Los cien primeros días del pontificado del papa Francisco arrojan un balance tan claro como elemental: lo esencial es practicar el Evangelio. Y en ese mensaje ha empeñado todo su esfuerzo un sacerdote argentino de apellido Bergoglio, que viene por vocación, compromiso y entrega de un mundo de solidaridad con el prójimo oprimido como figura clave y central en el Evangelio entero. Es su 'chip' de pastor.

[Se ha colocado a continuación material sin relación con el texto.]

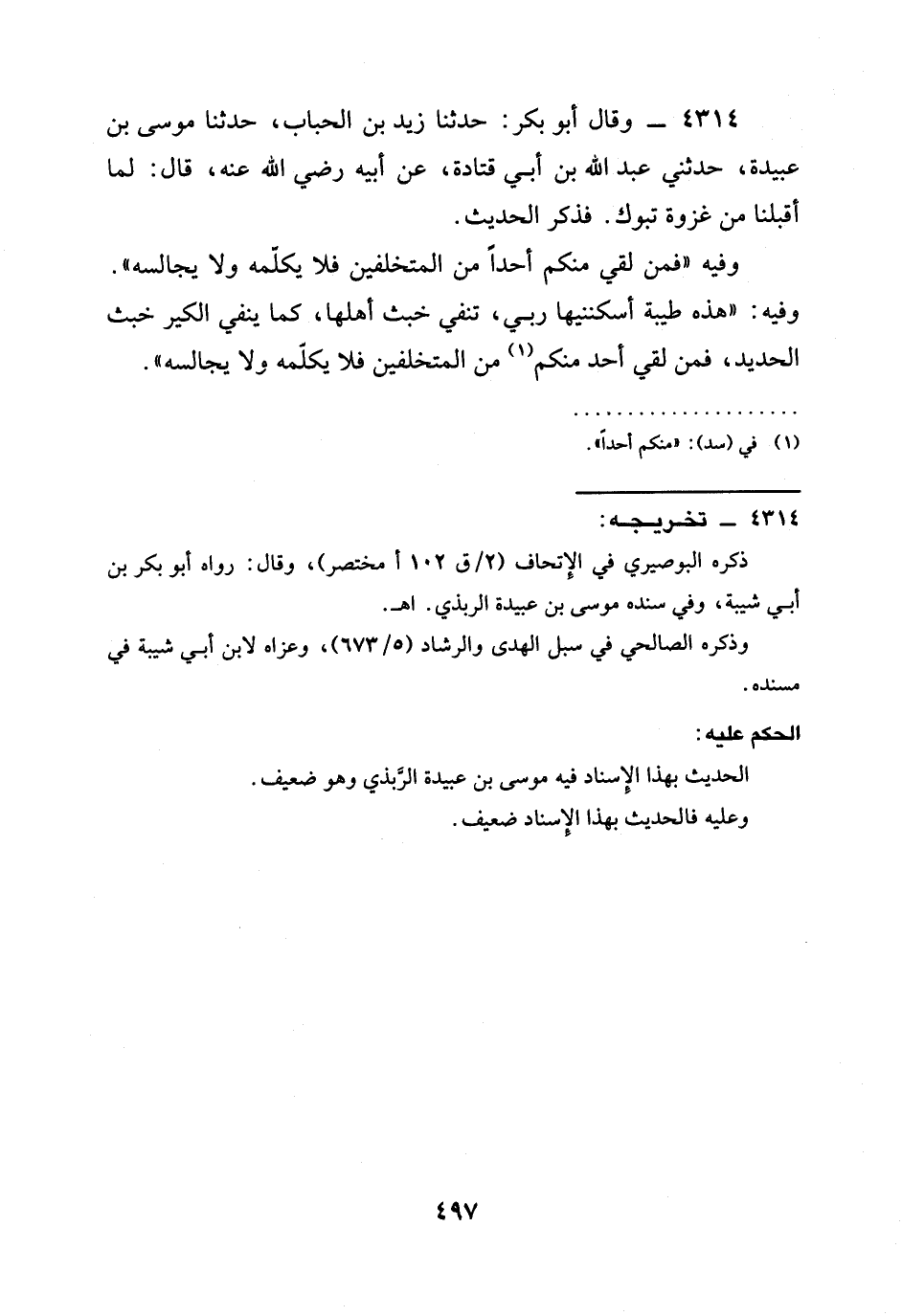 4314 - وَقَالَ أَبُو بَكْرٍ: حدَّثنا زَيْدُ بْنُ الحباب، حدَّثنا مُوسَى بْنُ عُبَيْدَةَ، حدَّثني عَبْدُ اللَّهِ بْنُ أبي قتادة، عن أبيه رضي الله عنه، قَالَ: لَمَّا أَقْبَلْنَا مِنْ غَزْوَةِ تَبُوكَ. فَذَكَرَ الْحَدِيثَ.
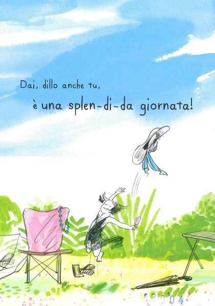 Un albo illustrato entusiasmante, un inno alla felicità, alla spensieratezza dei nostri bambini che con la loro gioia riescono a far diventare radiose anche le giornate più nere, al ritmo di “una splen-di-da giornata!”
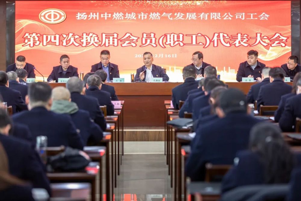 2023年2月16日下午,扬州中燃公司召开第四次工会会员(职工)代表大会,公司党委书记、董事长作了题为《转型发展担使命 凝心聚力谱新篇》讲话。公司领导班子成员、会员(职工)代表和列席代表110多人参加会议。
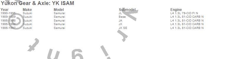 Below is an abreviated list of applications for the Yukon Differential Master Overhaul Kit.
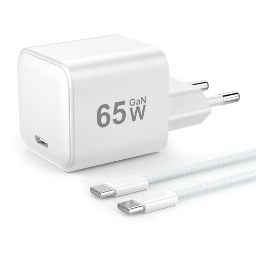 Chargeur Rapide USB C 65W, GaN Tech avec 2 Ports pour i-Pad Pro/Air, i-Phone 15/14/13/12,Samsung Galaxy S24/S23/S22 Tab S9/S8,Huawei,Xiaomi,Google,Macbook,Tablettes,Smartphones,Ordinateurs Portables
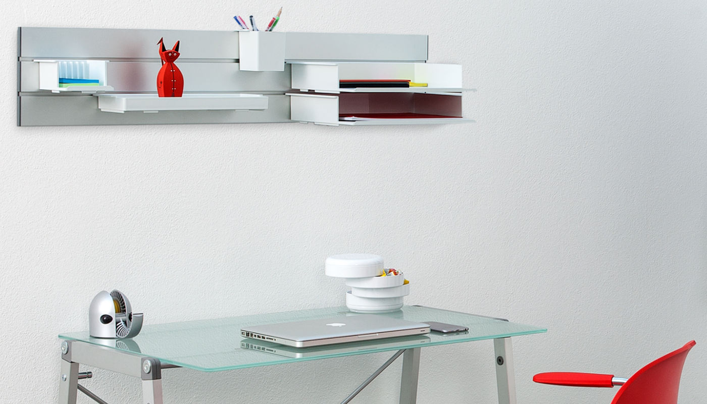 L’utilissimo binario che permette di trasferire a parete l’intero set Standard di accessori da scrivania Rexite.
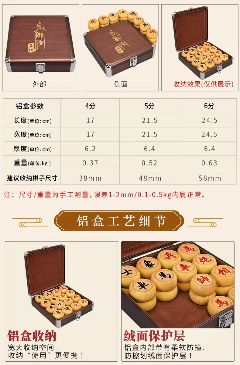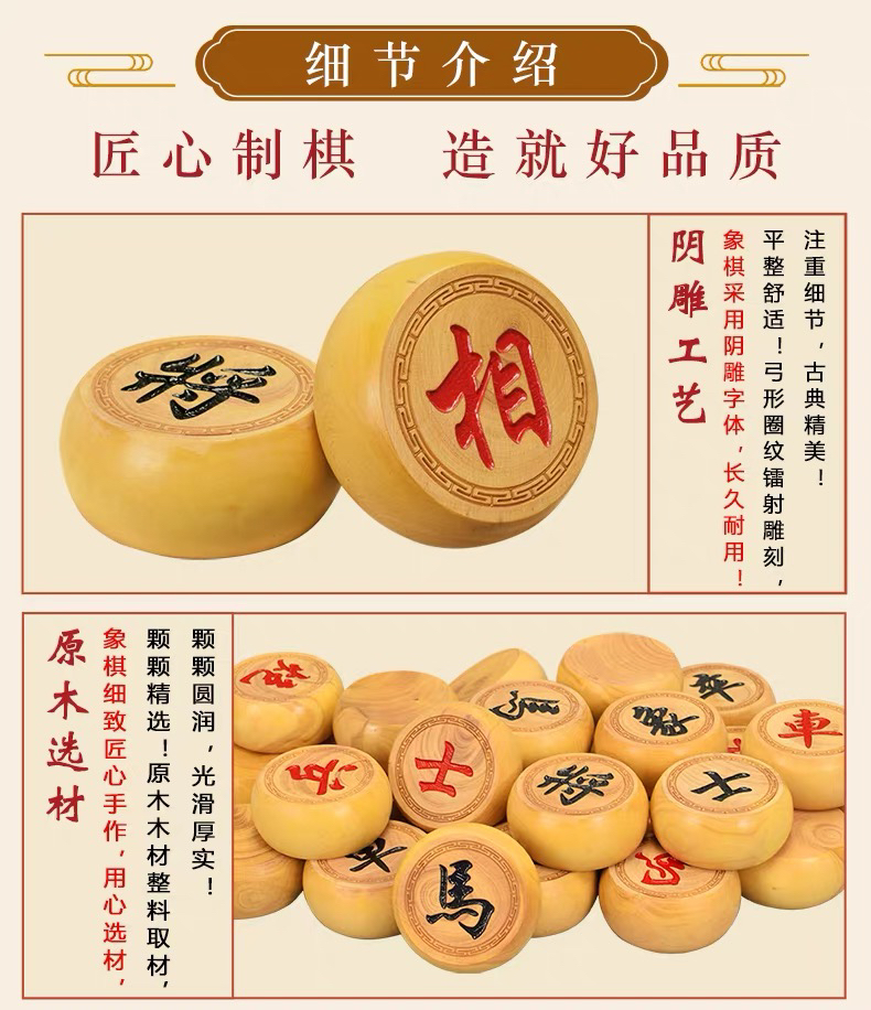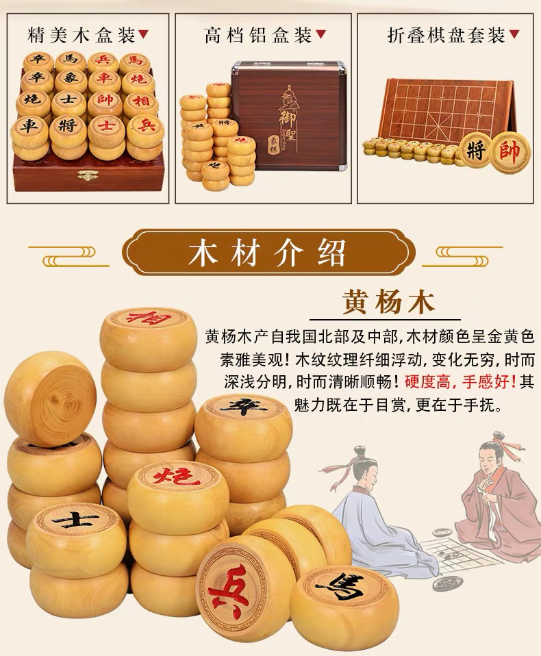 木盒装4分黄杨木中国象棋棋子

Tiene mucho mas que claro este Papa que la Iglesia no debe pasivamente esperar el acercamiento de la gente sino ir a su encuentro como herramienta de esperanza en este valle de lágrimas, donde el alma debe perfeccionarse a través del sufrimiento físico y moral. Es el prójimo quien necesita ahí de nuestra ayuda y compañía en los momentos más bajos. "Venid a mi todos los que os sentís agobiados que yo os aliviaré", dicen que dijo Jesús. Pues precisamente de eso se trata, de aliviar entre todos sin interferir el proceso de perfección.

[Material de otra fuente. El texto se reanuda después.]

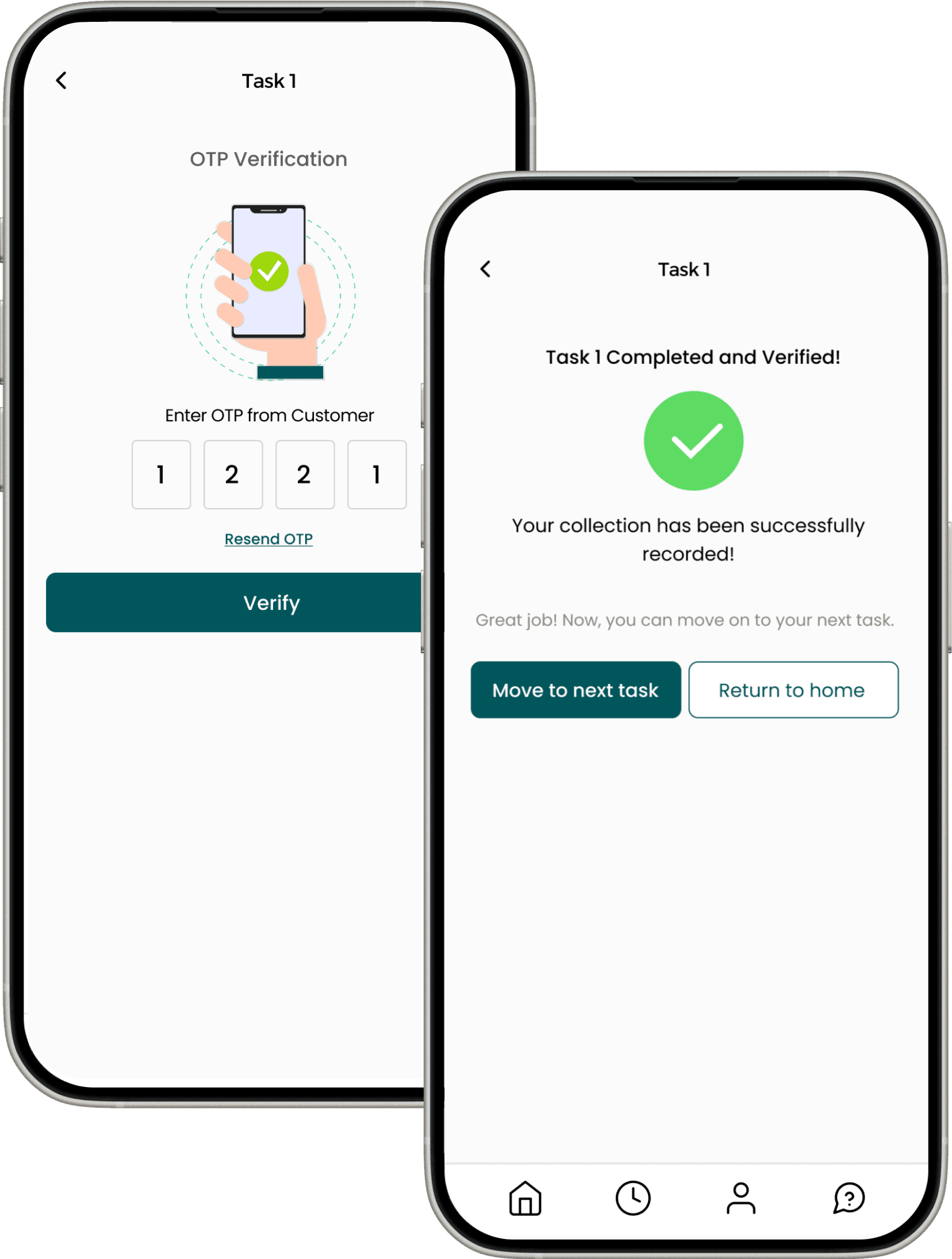Task Screen: One clear CTA (“Start Task”), progress bar, and real-time confirmation feedback.
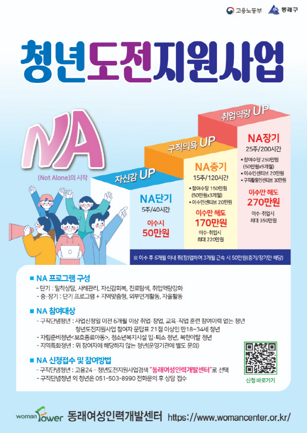 û³â µµÀü Áö¿ø »ç¾÷Àº »ó½Ã ¸ðÁýÀ¸·Î ÁøÇàµÇ¸ç, ¡®NA(Not Alone)ÀÇ ½ÃÀÛ¡¯À» ÇÔ²²ÇÏ°í ½ÍÀº û³âÀº µ¿·¡¿©¼ºÀη°³¹ß¼¾ÅÍ(¢Ï051-503-8990)·Î ¹®ÀÇÇÏ¸é µÈ´Ù.

Mucha más gente de la que imaginamos tiene una necesidad imperiosa de Dios y no solo los que parecen endemoniados. La verdad es más fuerte que la mente y su búsqueda mueve al ser humano durante toda su existencia para trascender a la vida física y la materia corruptible. Si el hombre es ser emocional en un plano, en el otro es religioso y/o espiritual, como dos caras de una misma hoja, en la confianza de esa trascendencia y alivio eterno.
La virtualidad de este Papa, sensible a la teología de la liberación por proximidad geográfica y formación jesuítica, es que introducirá de lleno, si puede, a la Iglesia Católica en el siglo XXI sin renunciar a la esencia doctrinal pero proyectando esa doctrina en un plano práctico y sumamente evangélico, tal como se deduce del seguimiento de sus homilías y reflexiones diarias en la capilla de la Casa Santa Marta, donde actualmente reside dentro del Vaticano y suele oficiar casi en privado la Misa.
Esa proyección evangélica también alcanzará de lleno, por pura coherencia, a la organización vaticana para mantenerla en sintonía con el mensaje bíblico. No parece temblarle la mano a Francisco en las primeras decisiones tomadas en ese sentido, desde su concepto de colegialidad con responsabilidad y autoridad personal del propio Papa. De ahí su intención de implicar de lleno al Sínodo de los Obispos, como descendientes directos de los Apóstoles, en el gobierno y a modo de parlamento informal, con funciones deliberativas y ejecutivas delegadas a la vez.
La labor por hacer que tanto aterró a Benedicto XVI y su inteligencia y humildad para reconocer su impotencia y su falta de fuerzas para una tarea de pura supervivencia de la Iglesia Católica, es lo que trajo a este Papa, hoy en pleno ejercicio de calentamiento de cara a los retos del otoño. La Curia vaticana espera y necesita reformas de fondo que le devuelvan a sus tiempos de esplendor conciliar por la visión de futuro de Juan XXIII para abrir una era y la finura diplomática de Pablo VI para avanzar tras las conclusiones.
Se trata, pues, igualmente de retomar con matices procesos postconciliares interrumpidos y/o insuficientes, barrer la podredumbre escondida y volver a situar el mensaje evangélico en el centro de la acción apostólica de todos los miembros de la Iglesia Católica, que también necesita desarrollar el ecumenismo y el diálogo interreligioso, en el sentido de recuperar entre todos los valores morales perdidos por el ser humano a manos de doctrinas materialistas imperantes por doquier y causantes de tanta infelicidad y angustia entre nosotros.
Sin perjuicio de volver a resituar a los seglares en su labor evangelizadora, impulsar a la iglesia diocesana allá donde lo necesite y utilizar a las órdenes religiosas como verdadero ariete y motor del cambio estratégico de fondo, Francisco implementará, en lo posible, el modo de actuar ignaciano haciendo primar la espiritualidad por encima de la religiosidad, siempre el fondo sobre la forma.
Y ahí marcará la diferencia o fracasará en su intento si finalmente la estructura es más fuerte que la inspiración del Espíritu Santo a los cardenales del último cónclave, como parece sucedió con Juan Pablo I y su muy breve pontificado de vocación sumamente regeneradora pero nonata.